Extracted entries:
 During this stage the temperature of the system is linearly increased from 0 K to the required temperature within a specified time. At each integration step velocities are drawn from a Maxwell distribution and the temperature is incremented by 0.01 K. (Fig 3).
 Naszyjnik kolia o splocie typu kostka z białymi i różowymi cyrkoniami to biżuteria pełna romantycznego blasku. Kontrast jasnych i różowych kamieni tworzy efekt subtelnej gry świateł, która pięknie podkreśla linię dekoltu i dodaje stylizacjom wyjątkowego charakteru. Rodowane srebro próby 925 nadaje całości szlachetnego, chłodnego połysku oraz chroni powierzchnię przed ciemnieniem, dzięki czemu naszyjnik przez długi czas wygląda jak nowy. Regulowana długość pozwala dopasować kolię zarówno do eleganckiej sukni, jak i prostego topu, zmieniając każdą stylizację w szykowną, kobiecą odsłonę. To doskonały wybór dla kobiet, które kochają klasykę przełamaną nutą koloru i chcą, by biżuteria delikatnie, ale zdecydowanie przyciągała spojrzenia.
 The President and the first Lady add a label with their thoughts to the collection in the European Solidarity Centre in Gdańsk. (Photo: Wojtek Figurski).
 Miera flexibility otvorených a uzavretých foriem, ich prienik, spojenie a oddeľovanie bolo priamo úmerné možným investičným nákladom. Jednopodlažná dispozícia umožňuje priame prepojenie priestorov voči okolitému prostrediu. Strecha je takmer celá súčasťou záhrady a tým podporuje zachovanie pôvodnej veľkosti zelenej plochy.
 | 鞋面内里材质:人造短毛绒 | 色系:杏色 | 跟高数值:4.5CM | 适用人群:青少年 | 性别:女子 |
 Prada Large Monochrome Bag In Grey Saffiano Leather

* * *

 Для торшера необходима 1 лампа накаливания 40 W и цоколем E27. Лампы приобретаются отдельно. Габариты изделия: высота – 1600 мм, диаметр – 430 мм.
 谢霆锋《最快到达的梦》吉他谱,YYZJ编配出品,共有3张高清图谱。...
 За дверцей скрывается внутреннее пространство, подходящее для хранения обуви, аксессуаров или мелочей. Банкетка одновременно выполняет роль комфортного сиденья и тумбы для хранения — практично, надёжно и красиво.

Task goal: Copy the entries above exactly, but only from the line holding "Naszyjnik kolia o" through the line holding "Prada Large Monochrome", both included.

Result:
 Naszyjnik kolia o splocie typu kostka z białymi i różowymi cyrkoniami to biżuteria pełna romantycznego blasku. Kontrast jasnych i różowych kamieni tworzy efekt subtelnej gry świateł, która pięknie podkreśla linię dekoltu i dodaje stylizacjom wyjątkowego charakteru. Rodowane srebro próby 925 nadaje całości szlachetnego, chłodnego połysku oraz chroni powierzchnię przed ciemnieniem, dzięki czemu naszyjnik przez długi czas wygląda jak nowy. Regulowana długość pozwala dopasować kolię zarówno do eleganckiej sukni, jak i prostego topu, zmieniając każdą stylizację w szykowną, kobiecą odsłonę. To doskonały wybór dla kobiet, które kochają klasykę przełamaną nutą koloru i chcą, by biżuteria delikatnie, ale zdecydowanie przyciągała spojrzenia.
 The President and the first Lady add a label with their thoughts to the collection in the European Solidarity Centre in Gdańsk. (Photo: Wojtek Figurski).
 Miera flexibility otvorených a uzavretých foriem, ich prienik, spojenie a oddeľovanie bolo priamo úmerné možným investičným nákladom. Jednopodlažná dispozícia umožňuje priame prepojenie priestorov voči okolitému prostrediu. Strecha je takmer celá súčasťou záhrady a tým podporuje zachovanie pôvodnej veľkosti zelenej plochy.
 | 鞋面内里材质:人造短毛绒 | 色系:杏色 | 跟高数值:4.5CM | 适用人群:青少年 | 性别:女子 |
 Prada Large Monochrome Bag In Grey Saffiano Leather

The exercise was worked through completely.